LLM Chat integration with the IDE

The optimization of “Live” suggestion models for speed often comes at the expense of quality. These models prioritize rapid responses, which makes them less capable of delivering the depth and precision offered by the newer generation of LLM chat models.

Before chat features became available in AI-powered IDEs, developers often relied on external tools to describe their challenges through prompts. They would then manually copy the responses into their code. While this approach worked, it was inefficient and disrupted the natural coding flow.

This limitation inspired the development of new AI-enhanced IDE tools, which integrate cutting-edge LLM chat models directly into the development environment. These tools eliminate the need to switch context, allowing developers to query the model, receive detailed answers, and integrate them seamlessly into their codebase—all within the IDE itself.
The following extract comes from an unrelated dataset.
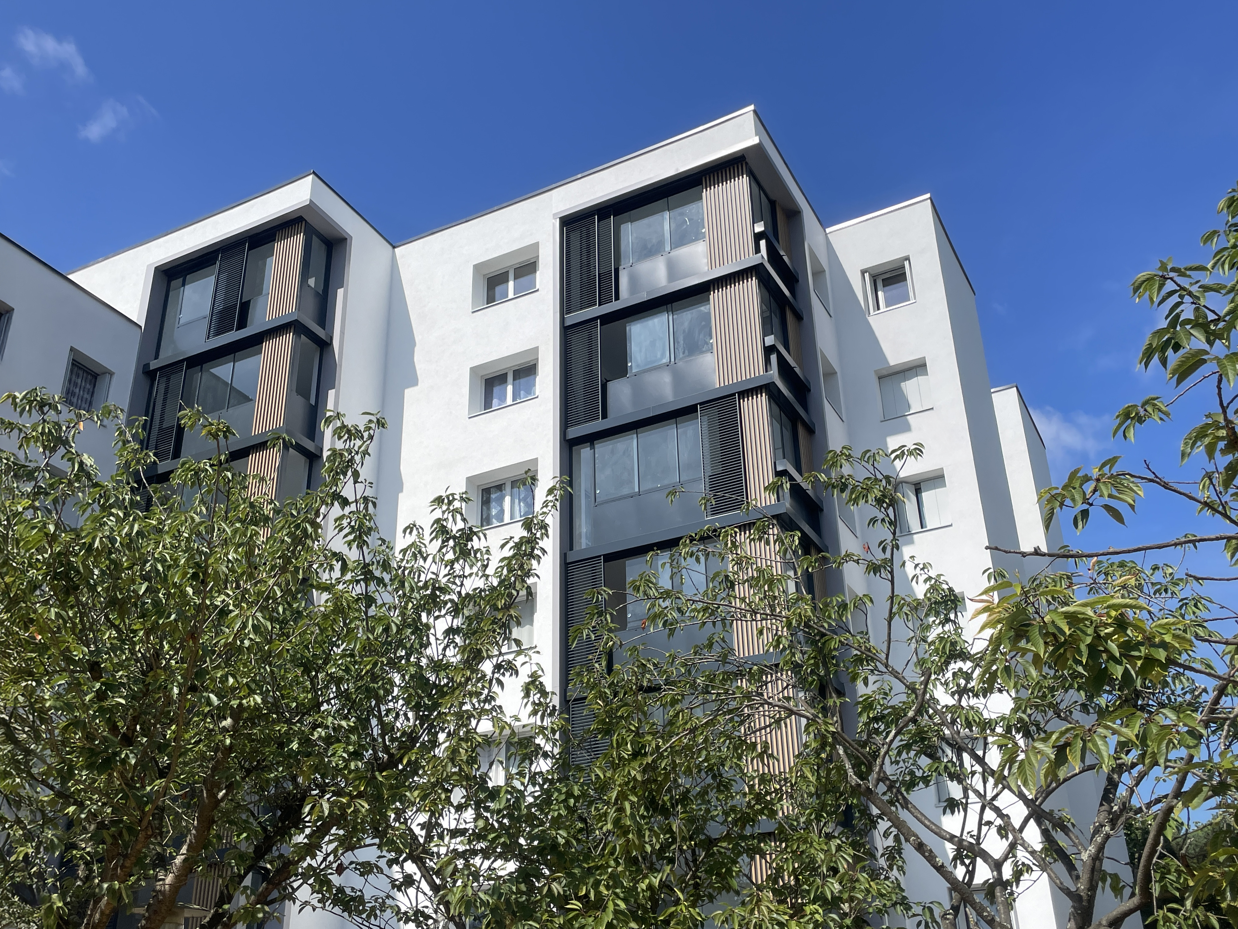 Le projet intègre la redéfinition des loggias, avec un nouveau langage architectural. Elles sont pensées comme des volumes non chauffés mais étanches AEV (air eau vent) : tampon thermique, apport solaire passif.

You can use the following criteria to evaluate the performance of the chat integration:

Ability to pick a model: At the time of writing, many developers prefer using the claude-3-5-sonnet model for ad-hoc queries due to its balance of speed and utility. For more complex tasks, the o1-family models, equipped with built-in Chain-of-Thought prompting, often provide better results. The ability to select a model is crucial, especially during peak hours or downtimes when certain models may be unavailable or unreliable. It’s worth noting that most AI tool providers do not guarantee SLAs for their models, making this flexibility even more important.
Ability to use your API key: Some tools allow users to integrate their own API keys. While this can improve reliability and uptime, it may also lead to increased costs. It’s vital to monitor usage closely to avoid unexpected expenses.
Ease of applying code suggestions: Applying suggestions should be straightforward—ideally achievable with a single click. The IDE should intelligently determine where the suggestion should be applied and manage any necessary modifications or deletions. A user interface resembling a Git conflict resolution screen, with options to apply, discard, or modify each suggestion individually, provides an optimal experience.
Ease of creating new files: Creating new files should be just as simple, requiring minimal effort from the developer. The IDE should automatically determine the appropriate location for the new file based on the context. This is especially critical for reducing errors in file management and ensuring a smooth user experience.
Ease of code error debugging: The IDE should be capable of constructing prompts that describe encountered errors and querying the LLM for potential fixes. This integration streamlines error resolution, reducing manual effort for the developer.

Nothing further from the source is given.